Each vice, to minds depraved by bondage known,
With sure contagion fastens on his own;
In sickly languors melts his nerveless frame,
And blows to rage impetuous passion's flame;
Fermenting swift, the fiery venom gains
The milky innocence of infant veins;
There swells the stubborn will, damps learning's fire,
The whirlwind wakes of uncontrolled desire,
Sears the young heart to images of woe
And blasts the buds of virtue as they blow.
Lo! where reclined, pale beauty courts the breeze,
Diffused on sofas of voluptuous ease;
With anxious awe, her menial train around
Catch her faint whispers of half-uttered sound.

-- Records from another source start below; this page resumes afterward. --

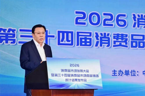 2026 年 4 月 16 日,由中国商业联合会、中华全国商业信息中心主办的2026 消费品市场发展大会暨第三十四届消费品市场商品销售统计结果发布会在北京成功举办。本次大会立足“十五五”开局之年,以“提质内需再启新程”为主题,深入贯彻落实党的二十届四中全会和中央经济工作会议精神,全面解读 2025 年我国消费品市场运行情况,科学前瞻 2026 年市场发展趋势,并权威发布 2025 年度消费品市场商品销售统计结果。大会汇聚行业智慧与各方力量,精准研判新阶段消费趋势与发展机遇,分享创新实践经验,宣介优质标杆品牌,全力赋能商贸流通业与消费品市场高质量发展。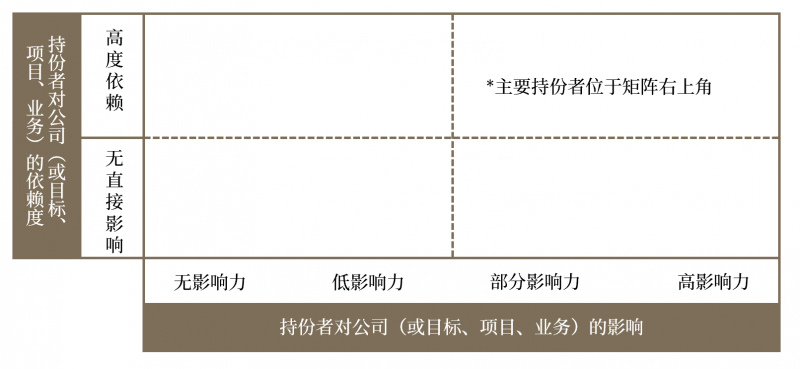 参考香港交易所给出的“持份者影响——依赖程度矩阵”工具,企业可以结合自身的业务,从利益相关方对公司的影响力和依赖程度两个维度出发,量化分析持份者的重要程度。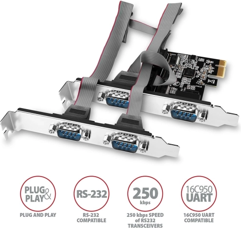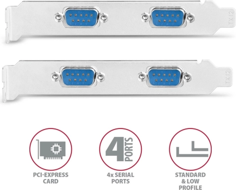 La carte PCI-Express AXAGON PCEA-S4N ajoute à votre PC quatre ports série RS-232 avec connecteurs DB9. Grâce au chipset éprouvé ASIX AX99100, elle garantit une communication stable, une haute bande passante et une compatibilité totale avec les équipements industriels, les systèmes de caisse et les machines CNC. L’installation est simple grâce à la prise en charge Plug and Play et aux équerres fournies pour boîtiers standard et low-profile.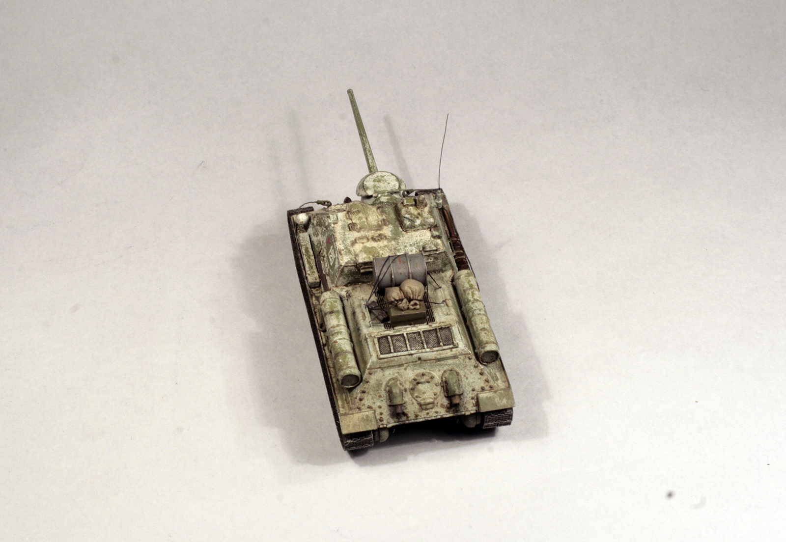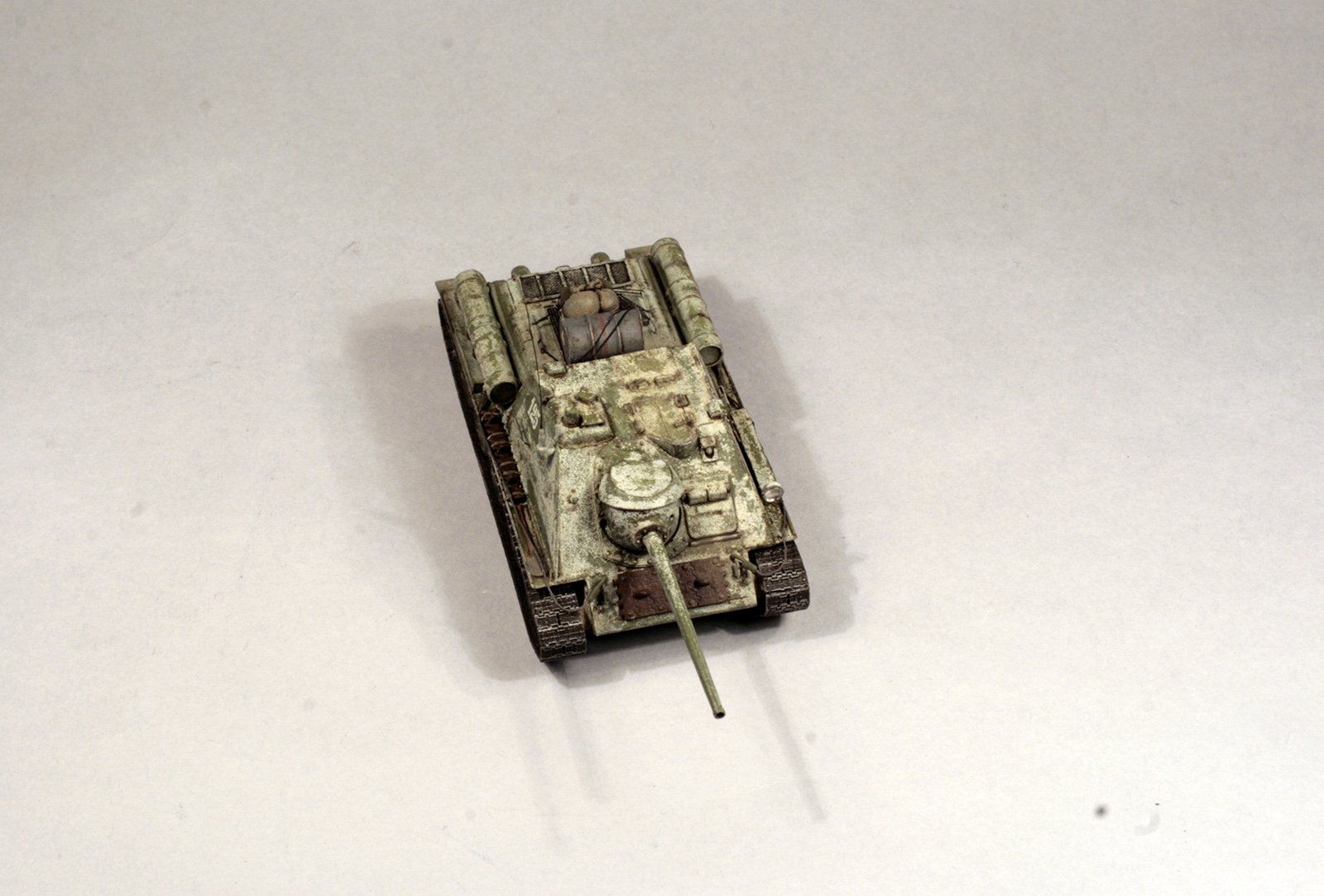 Сборка свелась к доработкам ходовой и экстерьера. Упрощенную ходовую часть я привел в порядок при помощи гусениц от Звездовских моделей Т-34 в 72ом масштабе, установив их вместо родных деталей. Так же добавил фактуру литья на маску пушки и командирскую башенку, добавил сварные швы на борта рубки, высверлил патрубки, добавил самодельные поручни и тросы, на заднем листе МТО заменил болты на Мастер-Клаб, поставил фару от Эльфа, накидал всякого скарба из запасов, из фольги сделал каркас решетки охлаждения на МТО.

See her, in monstrous fellowship, unite
At once the Scythian and the Sybarite;
Blending repugnant vices, misallied,
Which frugal nature purposed to divide;
See her, with indolence to fierceness joined,
Of body delicate, infirm of mind,
With languid tones imperious mandates urge,
With arm recumbent wield the household scourge,
And with unruffled mien, and placid sounds,
Contriving torture and inflicting wounds.
Nor in their palmy walks and spicy groves
The form benign of rural pleasure roves;
No milkmaid's song or hum of village talk
Soothes the lone poet in his evening walk;
No willing arm the flail unwearied plies
Where the mixed sounds of cheerful labour rise;
No blooming maids and frolic swains are seen
To pay gay homage to their harvest queen;
No heart-expanding scenes their eyes must prove
Of thriving industry and faithful love:
But shrieks and yells disturb the balmy air,
Dumb sullen looks of woe announce despair
And angry eyes through dusky features glare.

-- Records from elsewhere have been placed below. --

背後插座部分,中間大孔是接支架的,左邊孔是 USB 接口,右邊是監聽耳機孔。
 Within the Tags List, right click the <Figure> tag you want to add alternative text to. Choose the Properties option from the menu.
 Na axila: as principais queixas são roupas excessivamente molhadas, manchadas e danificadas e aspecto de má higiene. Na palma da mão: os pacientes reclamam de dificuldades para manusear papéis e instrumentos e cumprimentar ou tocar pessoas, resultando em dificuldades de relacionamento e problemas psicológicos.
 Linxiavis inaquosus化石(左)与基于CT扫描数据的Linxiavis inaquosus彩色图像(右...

Far from the sounding lash the muses fly
And sensual riot drowns each finer joy.
Nor less from the gay east on essenced wings,
Breathing unnamed perfumes, contagion springs;
The soft luxurious plague alike pervades
The marble palaces and rural shades;
Hence thronged Augusta builds her rosy bowers
And decks in summer wreaths her smoky towers;
And hence in summer bow'rs art's costly hand
Pours courtly splendours o'er the dazzled land.
The manners melt, one undistinguished blaze
O'erwhelms the sober pomp of elder days;
Corruption follows with gigantic stride
And scarce vouchsafes his shameless front to hide;
The spreading leprosy taints ev'ry part,
Infects each limb, and sickens at the heart.
Simplicity! most dear of rural maids,
Weeping resigns her violated shades;
Stern independence from his glebe retires
And anxious freedom eyes her drooping fires;
By foreign wealth are British morals changed,
And Afric's sons, and India's, smile avenged.
For you whose tempered ardour long has borne
Untired the labour, and unmoved the scorn,
In virtue's fasti be inscribed your fame,
And uttered yours with Howard's honoured name.
Friends of the friendless — hail, ye generous band
Whose efforts yet arrest Heaven's lifted hand,
Around whose steady brows in union bright
The civic wreath and Christian's palm unite!
Your merit stands, no greater and no less,
Without or with the varnish of success;
But seek no more to break a nation's fall,
For ye have saved yourselves, and that is all.
Succeeding times your struggles, and their fate,
With mingled shame and triumph shall relate,
While faithful history in her various page,
Marking the features of this motley age,
To shed a glory, and to fix a stain,
Tells how you strove, and that you strove in vain.